The hybrid organic forms, invented by the artist herself, courageous in size and embellished with unexpected malleable elements, pulsating to the bare breath of their own shell, staggered by charming conjunctions of feverish lines, un-decrypted scriptures, and intense colors that stretch from a transparent and gentle light blue followed by white streaks and tropical emerald traces to earthy terracotta, the multicellular blue of Mediterranean myths and the dark fields of the shadows, do not directly correspond to any aspect of our past knowledge.

Their succulent primordial essence, adorned with a rapid gestational process which each time generates a different and unprecedented ceramic subject, often doudle-sided in terms of both use and reading, springs from the same ancient Mediterranean sources, is moulded from the same archetypal mud, dries under the same benevolent sun that gave volume, pace, and breath to both prehistoric and contemporary Mediterranean ceramic plains of pithoi and amphorae who sang the joy of life in past centuries.
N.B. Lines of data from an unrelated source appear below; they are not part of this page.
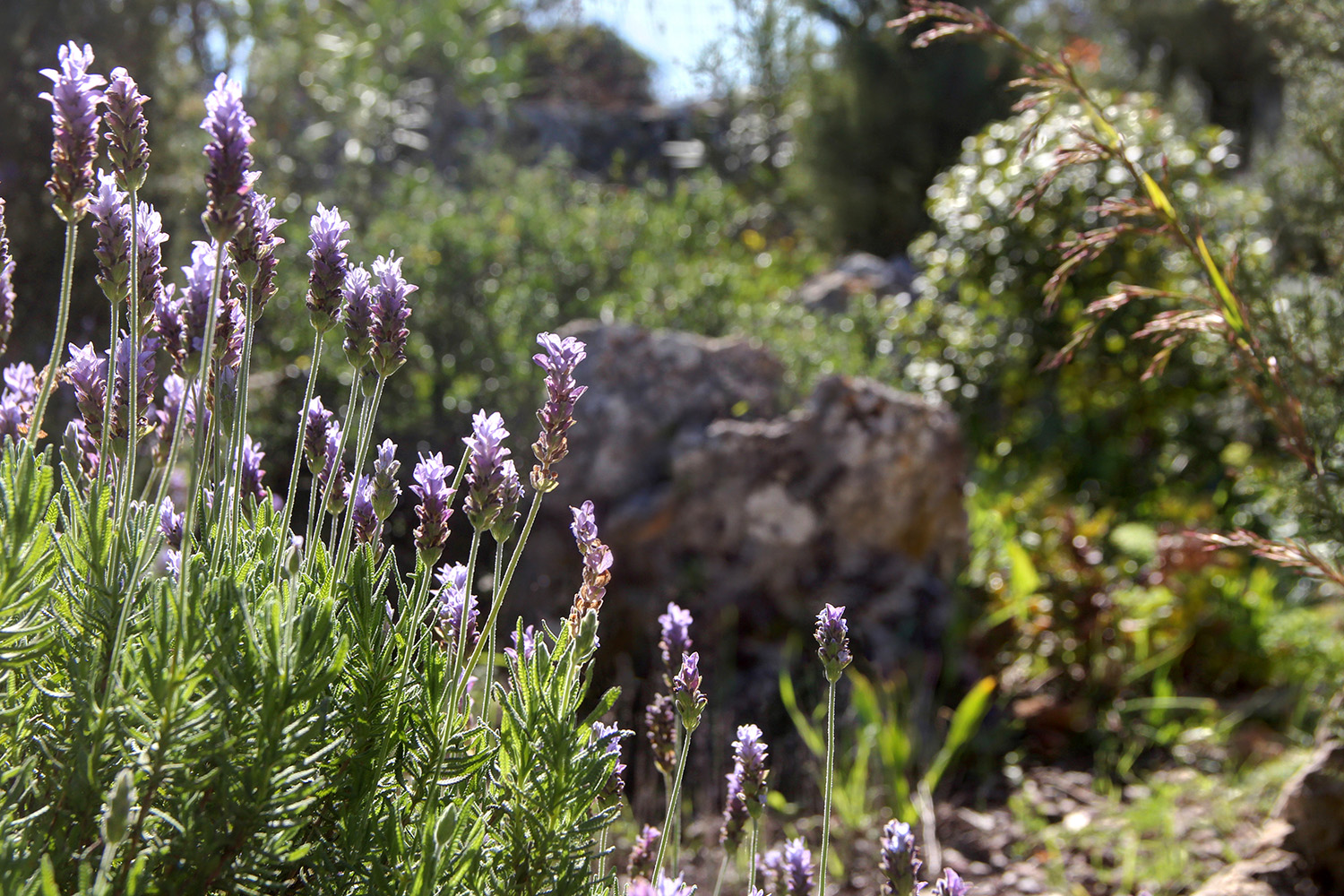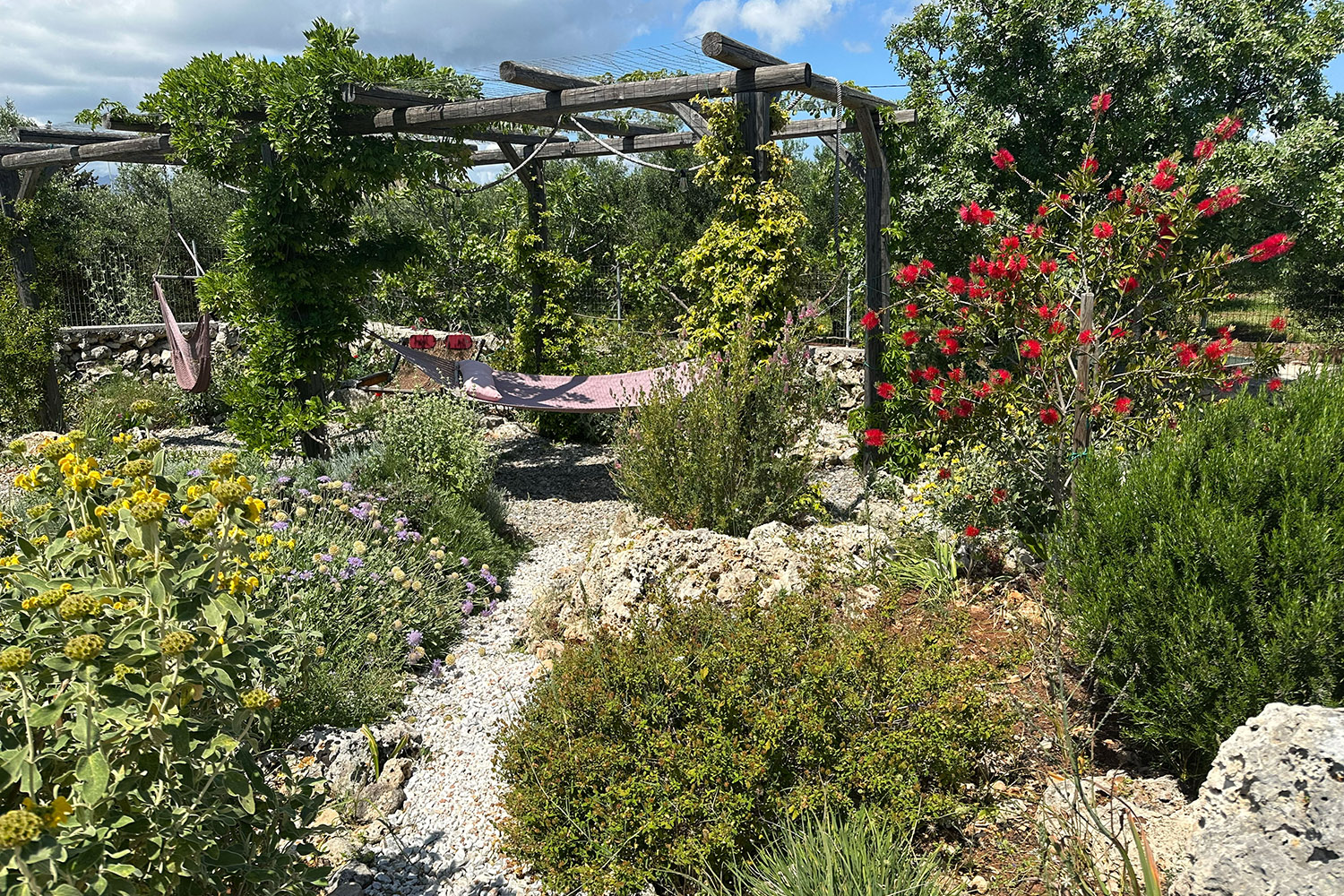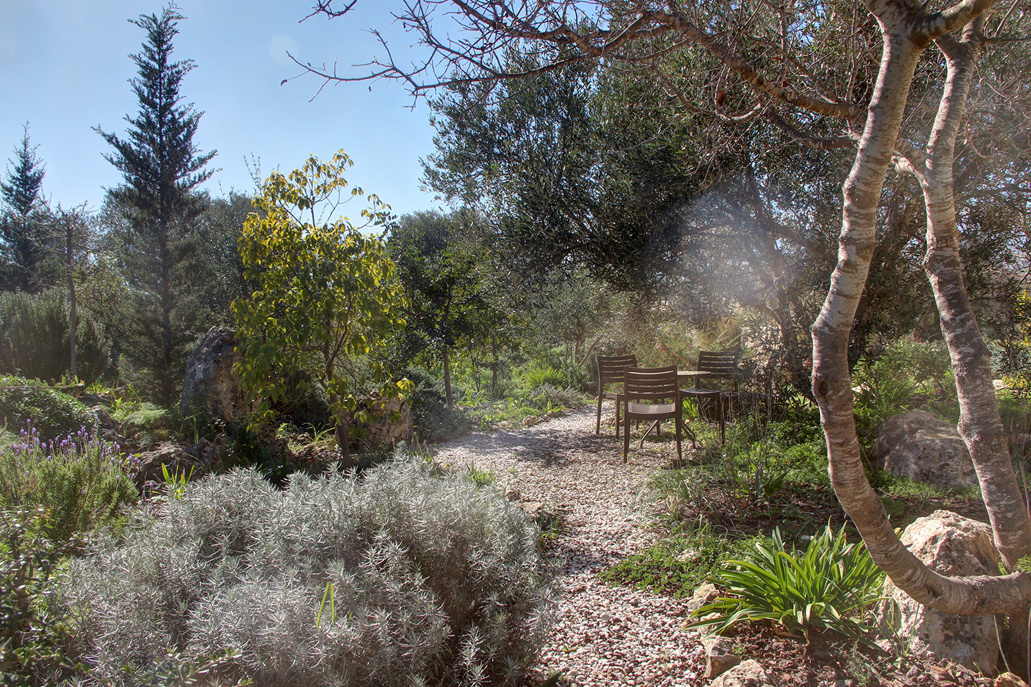 The property is fully enclosed by stone walls and fencing, creating a peaceful private sanctuary surrounded by nature. Access is through an electric gate leading to a private driveway and beautifully landscaped grounds where stone pathways wind through lush mediterranean gardens filled with herbs, flowers, and mature trees. Numerous outdoor living spaces are thoughtfully positioned throughout the estate, offering shaded corners for quiet relaxation, sunny terraces for entertaining, hammock areas among the trees, and dedicated areas for activities such as yoga, pétanque, and archery.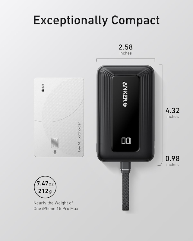 Podporuje 30W rychlé nabíjení přes vestavěný kabel USB-C nebo port USB-C.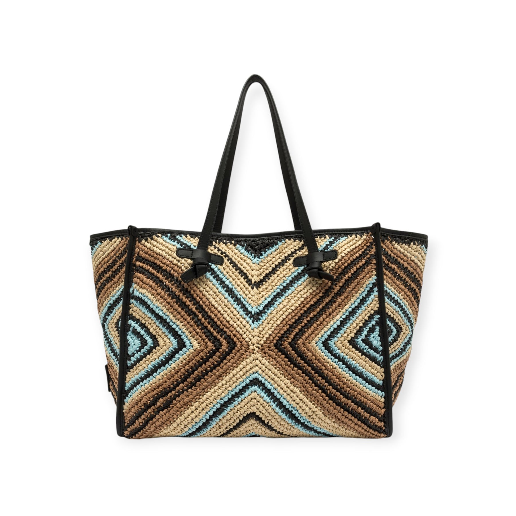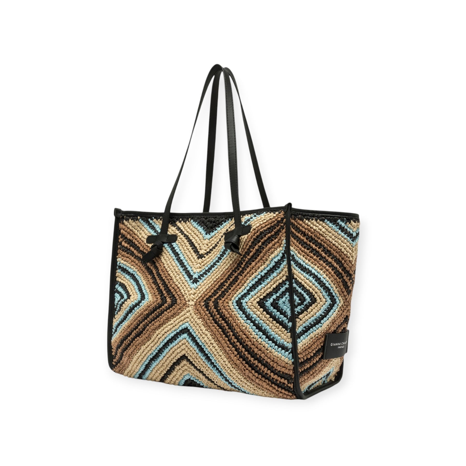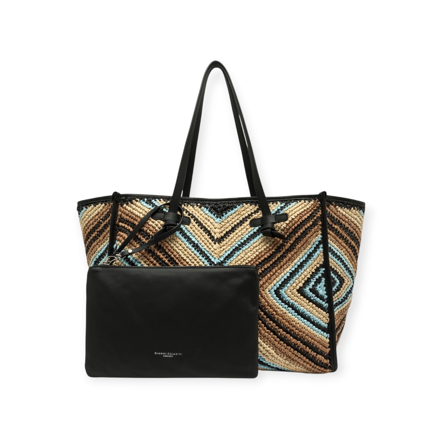 Shopping bag multicolor di MARCELLA CLUB GIANNI CHIARINI in raffia con doppio manico e profili in pelle nera, chiusura con bottone, pochette interna in pelle nera. Misura 38x31x16cm.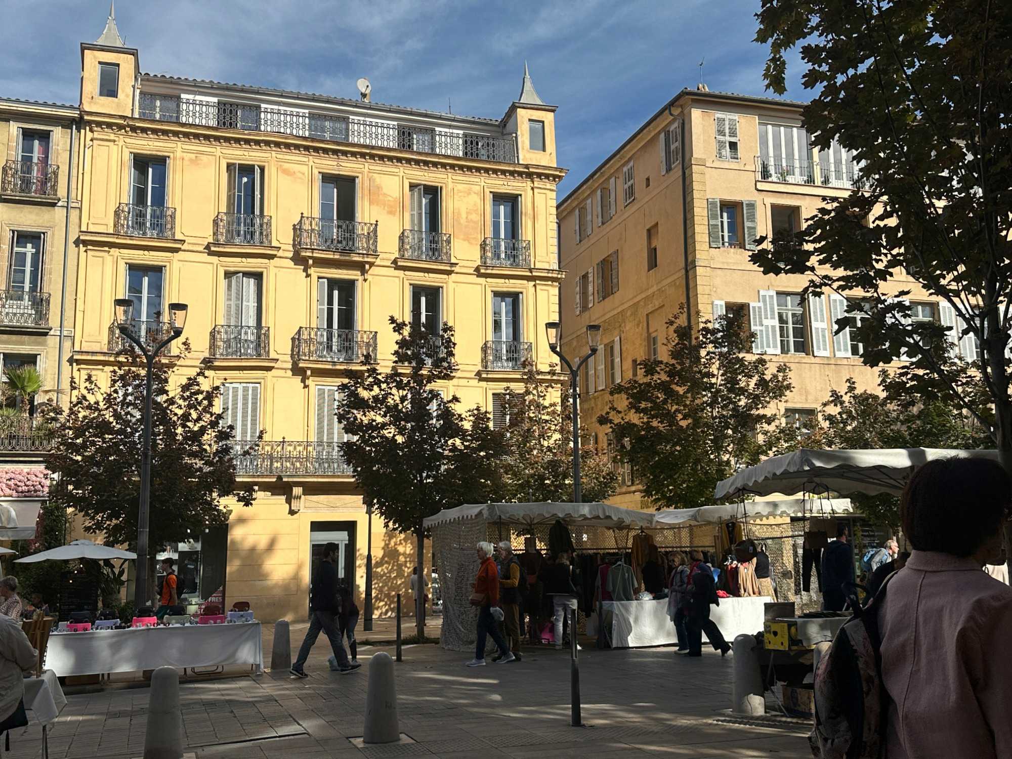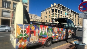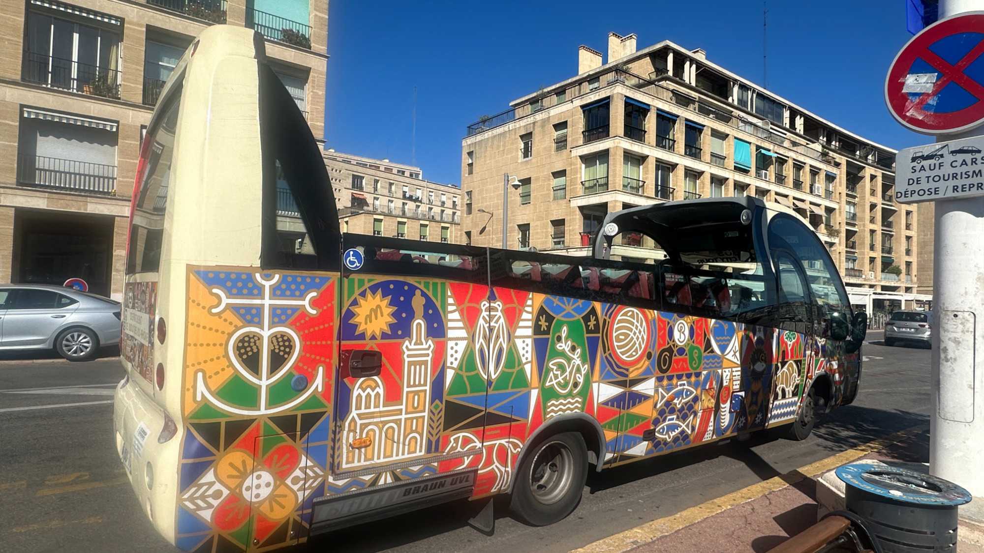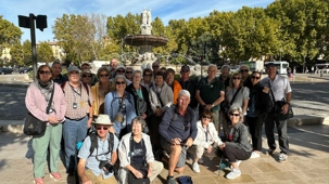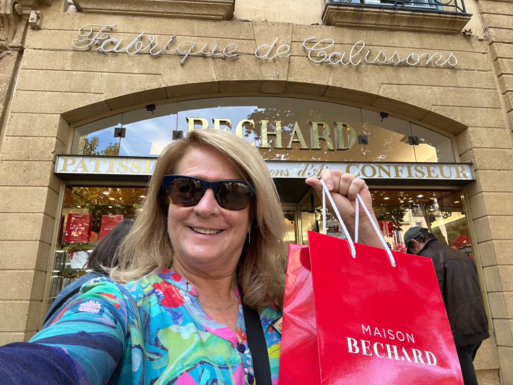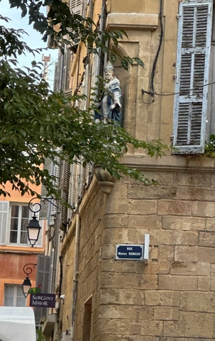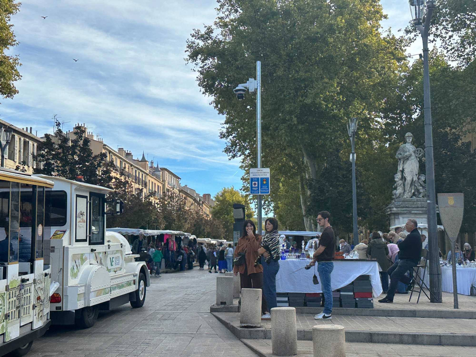 Aix-en-Provence, fut fondée en 122 av. J.-C. sous le nom de Sextiae par la garnison romaine de Sextius Caius Calvinus. Aix devient la capitale du comté de Provence. Très petite et compacte, elle nous présente hôtels et environnement d’influences des XVIIe et XVIIIe siècles. À Aix-en-Provence, c’est le cours Mirabeau bordé de platanes centenaires, sa monumentale fontaine et la pâtisserie et calissonnerie Béchard dont la renommée n’est plus à faire, qui nous a captivé. C’est en petit train touristique que nous sillonnons la ville aux 100 fontaines, à travers les rues étroites et disons-le, un peu raboteuses d’Aix, en observant les principaux monuments de la ville. Ce qui nous marque : presqu’au aucune voiture mais des mobilettes en quantité servent aux déplacements dans le quartier historique. Éric et moi ferons la belle surprise de faire une dégustation de calissons et de petits-fours de chez Béchard ! Wow ! miam, hum… c’est bon! Ça nous donne assez d’énergie pour arpenter les ruelles et l’immense marché en mode autonome. Après une belle heure de flanage agréable, c’est le regroupement au pied de la Statue du bon roi René et départ en direction de “la porte du monde”, Marseille.

Creatures of the land, the sea and the air, flowers and trees, stars, birds and amphibians, fish, corals and shells, embellish the curves and hollows of these bodies, engrave themselves on the glossy surface, and call for an impromptu celebration. The ceramic realm of Vasso Triga, utterly gilded with precious resources mined by human creation, those which do not fall under strict classification, but which organically belong to our valued European cultural memory, is delightfully balancing between the restless stuccoes of the Minoan seabed and the medieval Cypriot engravings, between the embossed renaissance worlds of Bernard Palissy, the traditional pottery of Vallauris, the psychedelic fields of Miquel Barcelό or the orgiastic fauns and Picasso’s human-shaped suns.

And it is precisely here, on the same Mediterranean bed, within the breath of this magical universe, and by the open gates of the South, that, by sealing as a symbolic visual and tactile condensation this ceramic universe of delights, the brilliant threedimensional suns of the artist are born and suddenly rise.